In a letter to Gov. Nathan Deal and legislative leaders, the Smyrna attorney said she has "stood up for the voiceless, spoken out for change and held firm against retreat" while working across party lines since her 2010 election.
"It was my honor to represent the people of my district, but it is time that my place is taken by another," she wrote. "It is with a heavy heart, but with an enthusiastic eye to the future that I tender my resignation from the Georgia House of Representatives."
She is the third gubernatorial candidate to step down in recent weeks to concentrate on a campaign to succeed Deal. Republican state Sen. Hunter Hill and state Rep. Stacey Abrams, who once led the chamber's Democratic caucus, both resigned in late August.
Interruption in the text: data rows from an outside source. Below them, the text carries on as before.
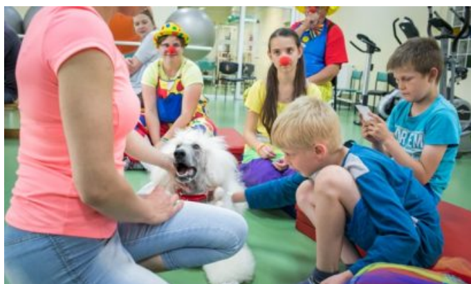
Dogoterapia w szpitalu w Opolu
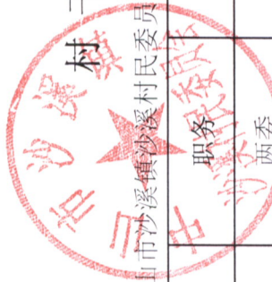
村干部及村工作人员待遇补贴情况表
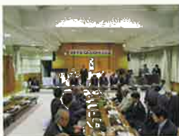
北支部恵比寿講 11月17日(金) 浦区ふれあいセンター
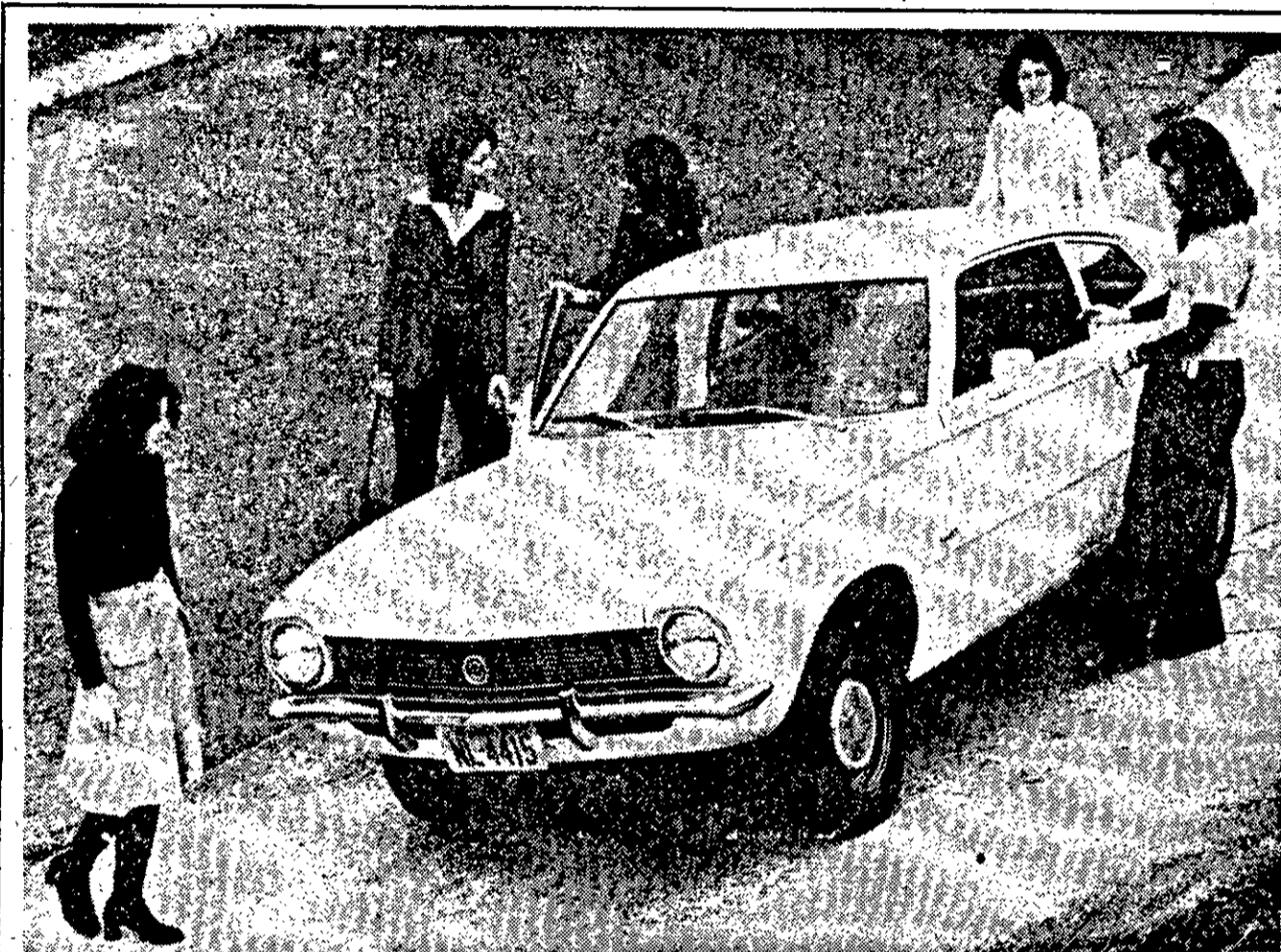
Elegante e confortável ao dirigir, esta foi a opinião geral

conseguiu ludibriar os policiais fingendo para lugar ignorado em um veículo dirigido por seu esposo, que também está implicado e a exemplo dela deverá ser identificado criminalmente.

Republican state Rep. Geoff Duncan, one of three GOP office-holders running for lieutenant governor, also earlier resigned his seat. More moves could soon be coming: The window is fast-closing for lawmakers to step down while still ensuring a special election will be held this year.
But remaining in office also has significant drawbacks. State legislators and constitutional officers can’t raise campaign money during the 40-day legislative session, which spans from January through March and possibly longer, and every day at the Capitol means less time meeting voters or stumping at events.
The other three leading GOP candidates for office - Lt. Gov. Casey Cagle, Secretary of State Brian Kemp and state Sen. Michael Williams - have all said they intend to remain in office.
Evans represents a Democratic-leaning district that hugs I-75 as it stretches through parts of Smyrna and east Cobb County. She captured almost three-quarters of the vote in November to defeat a little-known Republican.
Deal set the special election to replace Evans for Nov. 7, the same day as other city and county races. One candidate has already filed paperwork to run for the seat: Smyrna Mayor Pro Tem Teri Anulewicz, a Democrat and long-time public affairs specialist.